The Gypsies were first heard of in Greece (Crete) in 1322, and they soon after reached Wallachia, whence the second, or what may be called the European, dispersion took place. This also was connected with a Mohammedan conquest, for it followed immediately after the invasion of Wallachia by the Turks in 1415; hence their first appearance (see above) in Germany in 1417, in France 1427, and about the same time in England. That they reached England by this overland route, and not from Egypt, as was popularly supposed, seems evident from the fact that in the English Romni dialect there are Greek, Magyar (Hungarian), Slav, German, and French elements, but no Arabic or Coptic, which must have been picked up had they passed through the Nile delta. In recent years they have crossed the Atlantic, and Gypsy encampments are already familiar sights in some of the eastern states of the American Union; for wherever they wander they tenaciously adhere to their old nomad habits, and also everywhere show the same tastes and follow the same pursuits of tinkers, horsedealers, strolling minstrels, prowlers about farmyards, just like their Indian ancestry.
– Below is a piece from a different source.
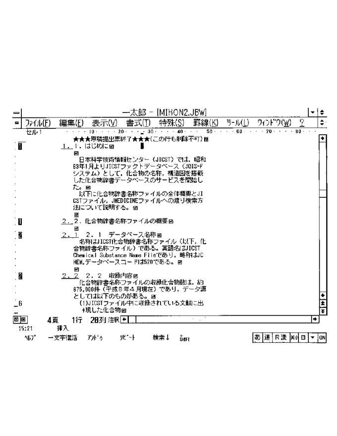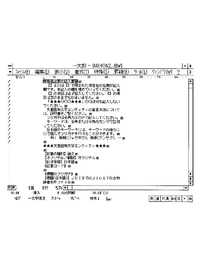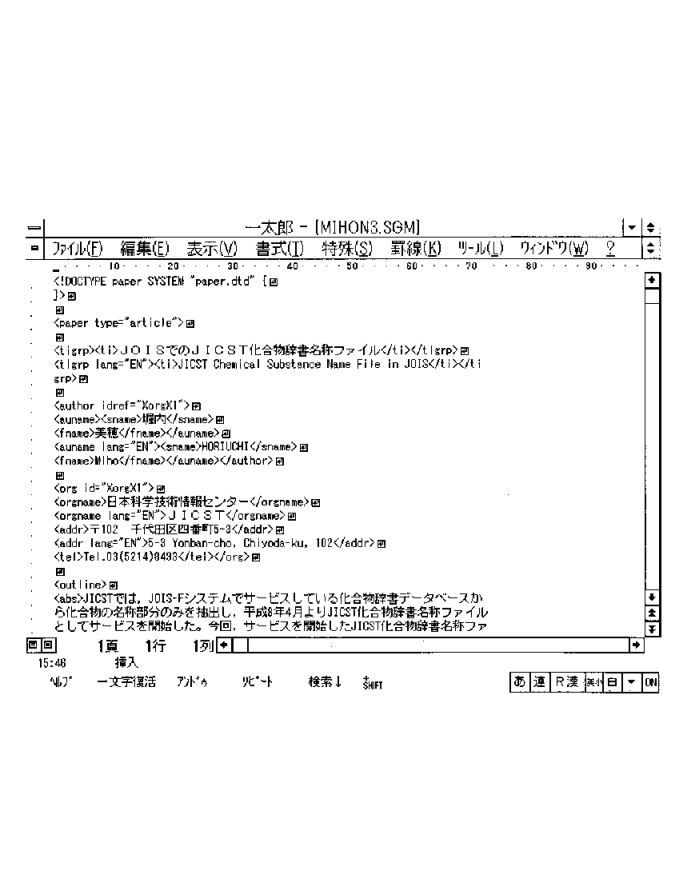 「一太郎」の機能を使用してJICST DTDの各要素を記述するので,SGMLおよびJICST DTDの習得は不要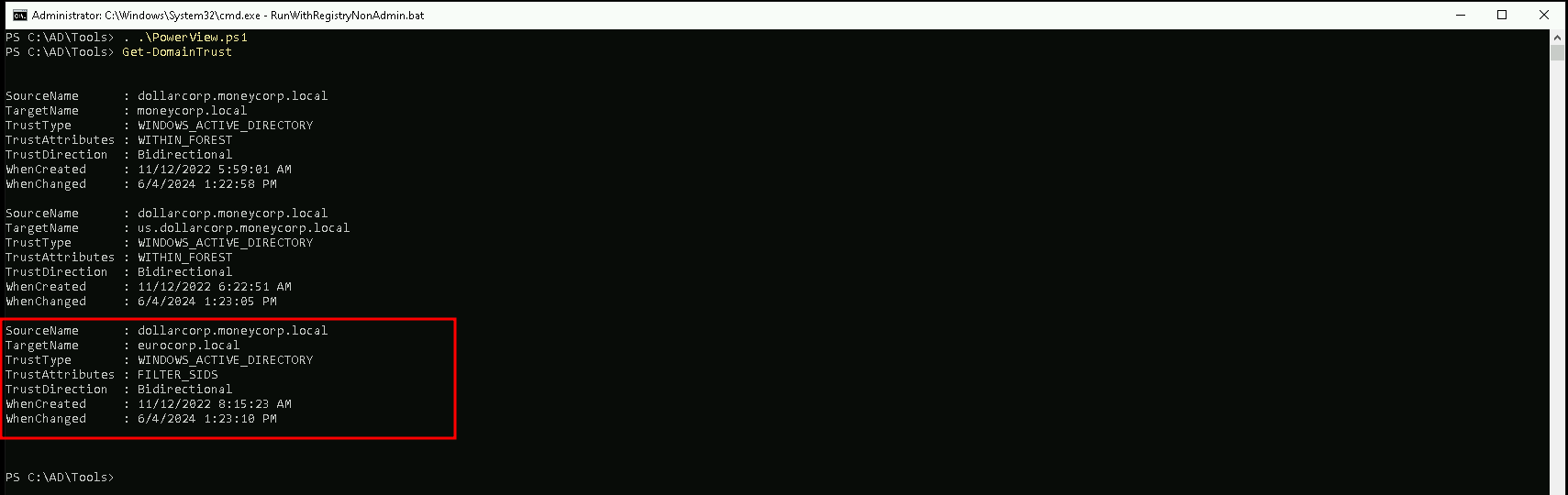 FILTER_SIDS, which means that the SID filtering is enabled for this trust. This means that the SID of the users from the target domain will be filtered to match the SID of the users in the source domain.

Nevertheless there are exceptions, and the Tsiganes of Bulgaria have become a sedentary hard-working peasantry, have adopted the Moslem religion, and almost forgotten their Romni mother-tongue, now speaking either Turkish or Bulgarian even in their homes; but the type has remained quite pure, and can be instantly recognised amongst the surrounding populations. But there are two types (Jat and Dom) which may be best studied in Roumania, where some are distinguished by crisp black hair, thick lips, and a very dark complexion, others by a fine profile, regular features, and a light olive complexion. Here also they are grouped in three social classes, like the Hindu castes: (1) Laiesi, traders and minstrels; (2) Vatrari, servile, employed as domestics and retainers in the great houses; (3) Netotsi, the so-called "Atheists," most savage and wild of all the Gypsy race. Such distinctions are not observed amongst the western Gypsies, because after the Wallachian dispersion the classes became mixed, and all, so to say, "broke caste." (C. Leland, Proc. Philological Soc., March, 1879, and other writings; F. Kanitz, Mittheilungen der Anthrop. Gesellschaft, Vienna, 1877; J. W. Ozanne, Three Years in Roumania, 1878; Borrow; Miklosich.)